AnswerDotAI / RAGatouille

Easily use and train state of the art late-interaction retrieval methods (ColBERT) in any RAG pipeline. Designed for modularity and ease-of-use, backed by research.
Apache License 2.0
3.03k stars 206 forks source link

Turn Off return of the verbose unstructured text from --> result = RAG.search(query=query,k=4) #241

Open quantumalchemy opened 2 months ago

quantumalchemy commented 2 months ago

How to turn off return of -- the verbose unstructured text --> using --> result = RAG.search(query=query,k=4) and just Return the dict -> [{"content": ...

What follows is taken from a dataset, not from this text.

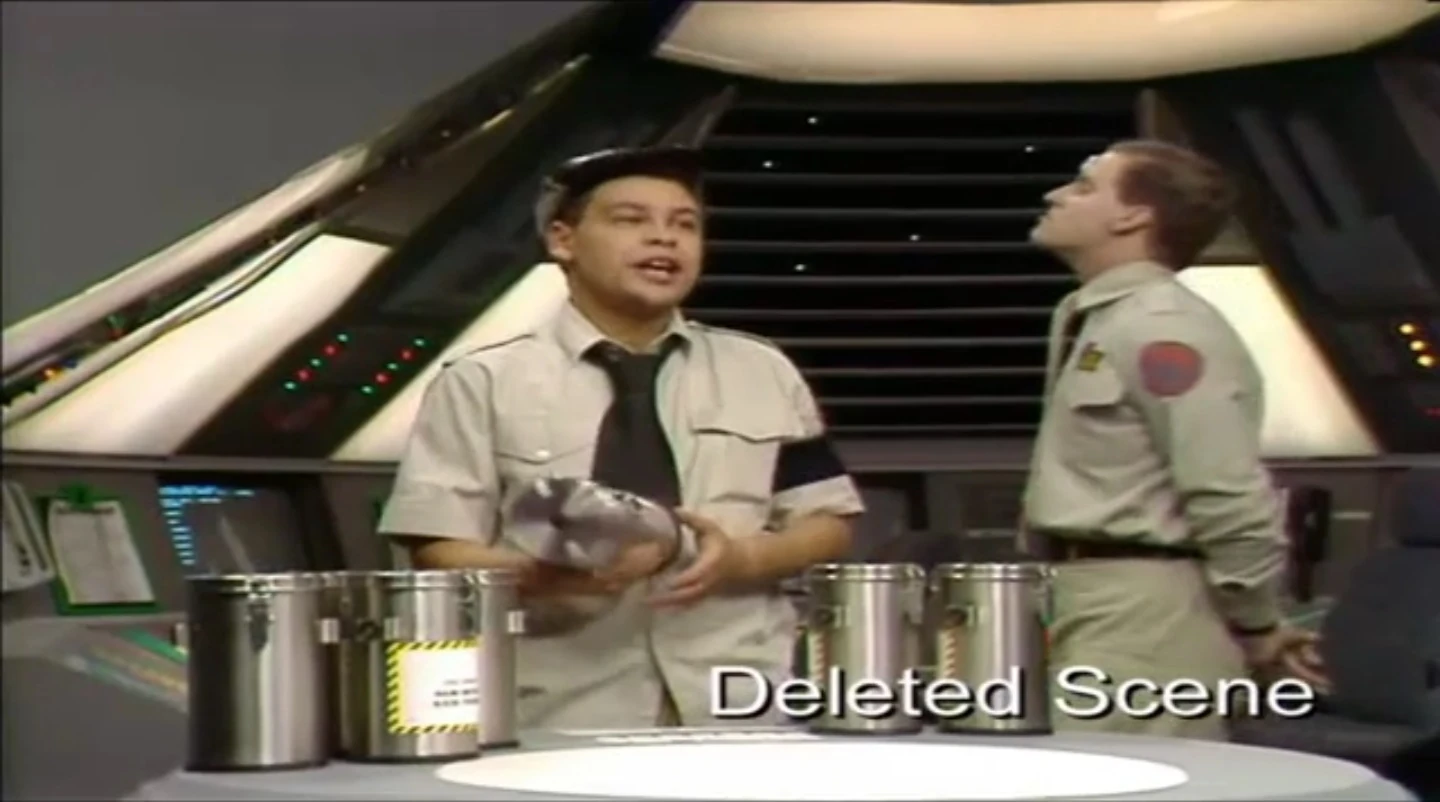 - An extended scene with Lister and navigation officer Kristine Kochanski flirting in the Drive Room as Lister is on the way to the captain's office. Lister plays with the controls to her chair, dropping her down. The scene was excised due to the actors not feeling it was genuine-feeling and even "embarrassing" and "nauseating".

[Aug 18, 16:57:05] Loading segmented_maxsim_cpp extension (set COLBERT_LOAD_TORCH_EXTENSION_VERBOSE=True for more info)... Loading searcher for index ragcorpus for the first time... This may take a few seconds [Aug 18, 16:57:06] #> Loading codec... [Aug 18, 16:57:06] #> Loading IVF... [Aug 18, 16:57:06] Loading segmented_lookup_cpp extension (set COLBERT_LOAD_TORCH_EXTENSION_VERBOSE=True for more info)... [Aug 18, 16:57:06] #> Loading doclens... [Aug 18, 16:57:06] #> Loading codes and residuals... [Aug 18, 16:57:06] Loading filter_pids_cpp extension (set COLBERT_LOAD_TORCH_EXTENSION_VERBOSE=True for more info)... [Aug 18, 16:57:06] Loading decompress_residuals_cpp extension (set COLBERT_LOAD_TORCH_EXTENSION_VERBOSE=True for more info)... Searcher loaded!

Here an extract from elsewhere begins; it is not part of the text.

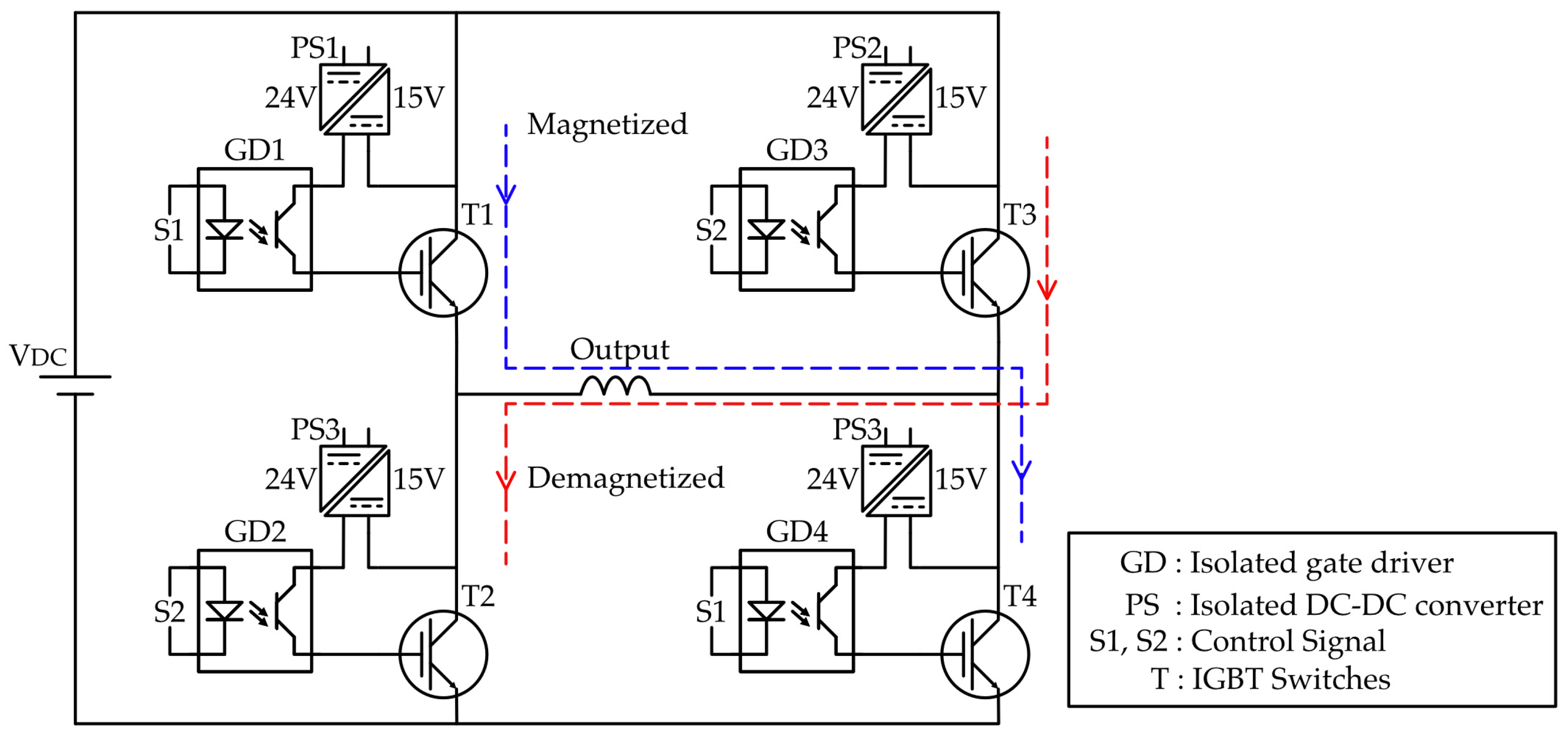 In Figure 4, the CPG circuit is designed using a full-bridge configuration of four IGBT switches (T1–T4), each driven by isolated gate drivers (GD1–GD4). The primary function of this circuit is to control both the direction of current through the load and to cut off the current according to reference input, enabling precise magnetization and demagnetization control. Control signal S1 simultaneously drives IGBTs T1 and T3, allowing current to flow in one direction for magnetization, while control signal S2 drives IGBTs T2 and T4, reversing the current flow for demagnetization. To provide proper isolation and stable gate drive voltage, isolated DC-DC converters (PS1–PS3) are used, each converting a 24 V input into a 15 V isolated output. The gate drivers are referenced to different potentials depending on the switching state of the IGBTs, and without proper isolation, biasing or short circuits could occur. The upper-leg switches T1 and T3 have separate isolated DC to DC converter (PS1 and PS3), while the lower-leg switches T2 and T4 share the same one (PS3) since they are both referenced to the common negative rail of the DC bus, allowing them to safely operate with a single isolated power supply. The components and parts used to develop the CPG circuit are listed in Table 2.

> QueryTokenizer.tensorize(batch_text[0], batch_background[0], bsize) ==

> Input: . who is Forneus?, True, None

> Output IDs: torch.Size([32]), tensor([ 101, 1, 2040, 2003, 2005, 2638, 2271, 1029, 102, 103, 103, 103,

     103,  103,  103,  103,  103,  103,  103,  103,  103,  103,  103,  103,
     103,  103,  103,  103,  103,  103,  103,  103])

> Output Mask: torch.Size([32]), tensor([1, 1, 1, 1, 1, 1, 1, 1, 1, 0, 0, 0, 0, 0, 0, 0, 0, 0, 0, 0, 0, 0, 0, 0,

    0, 0, 0, 0, 0, 0, 0, 0])

I just want this --> [{"content": ...

abdelkareemkobo commented 2 months ago

The code about this is in the index.py file which is logging these logs. I tried to set

verbose=1# -1,0,False,3 

After reading the verbsose code from Colbert which saying that verbose >1 will show more logs and verbse=1 will filter the logs, so as my search this is most filtered format you can get with the following codebase.